Suncoast Searchlight adopts AI policy, forms AI committee

Published On: December 23, 2025 1:43 pmLast Updated: December 23, 2025 1:43 pm

Suncoast Searchlight, a nonprofit newsroom serving Sarasota, Manatee and DeSoto counties, announces its adoption of a policy governing the use of artificial intelligence — a living document that will evolve as technology advances and journalistic best practices are refined.

The policy, which goes into effect immediately, was created by Searchlight staff with guidance from board member Kelly McBride, senior vice president of the Poynter Institute and a nationally recognized leader on ethics and accountability in journalism. It addresses how AI tools may be used, how human accountability is maintained and how disclosures should be handled. 

The fully policy is here.

Artificial intelligence has created new opportunities across many industries as companies work to integrate it into their operations. It also has raised questions about ethics, accountability and transparency. The news industry is no exception.

For Suncoast Searchlight, a newsroom launched in February and still in its first year of operation, those questions surfaced recently among staff and made clear the need for shared expectations around how those tools should — and should not — be used.
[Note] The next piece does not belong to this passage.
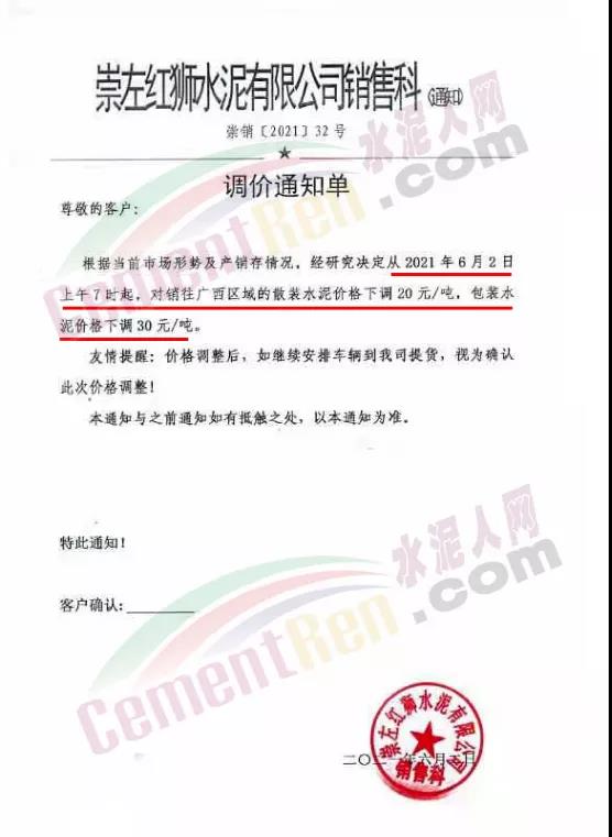 根據(jù)當(dāng)前市場(chǎng)形勢(shì),經(jīng)研究決定,我公司于2021年6月2日07:00起對(duì)銷(xiāo)往廣西區(qū)域的散裝水泥價(jià)格下調(diào)20元/噸,包裝水泥價(jià)格下調(diào)30元/噸。

The policy, which used Poynter’s AI ethics starter kit for newsrooms as a framework, cites five core principals guiding the organization’s use of AI: transparency; accuracy and human oversight; privacy and security; accountability; and exploration. Taken together, they lay the groundwork for an environment in which staff is encouraged to take advantage of this emerging technology to serve our mission in a responsible, ethical and transparent manner. 

To that end, the policy provides clear guidance on permissible use of AI tools — including large language models like ChatGPT, Gemini and NotebookLM — for tasks like research, source-finding, code assistance, copy editing and document summarization, while prohibiting the entry of newsroom content that could be used to train those models. 

The policy also prohibits uploading private or proprietary information into AI tools, using those tools for wholesale writing or rewriting of content or publishing anything suggested or created by AI without human verification.

When AI has been used in a significant way to help produce journalism, the policy requires public disclosure through a number of avenues, including an editor’s note at the bottom of an article or, for something more substantial, a separate “how-we-did-it” story. 

As part of this work, Suncoast Searchlight formed an AI committee composed of three journalists. The committee will meet regularly to review staff’s use of approved tools, evaluate requests to use new tools, monitor news about the broader industry’s use of AI and seek input from newsroom and community stakeholders. 

The adoption of this policy marks the beginning of our efforts to integrate these tools more consistently into our workflow while maintaining our core values and principals. We will update the policy as those efforts dictate and look forward to continuing this work in a thoughtful, responsible and transparent way.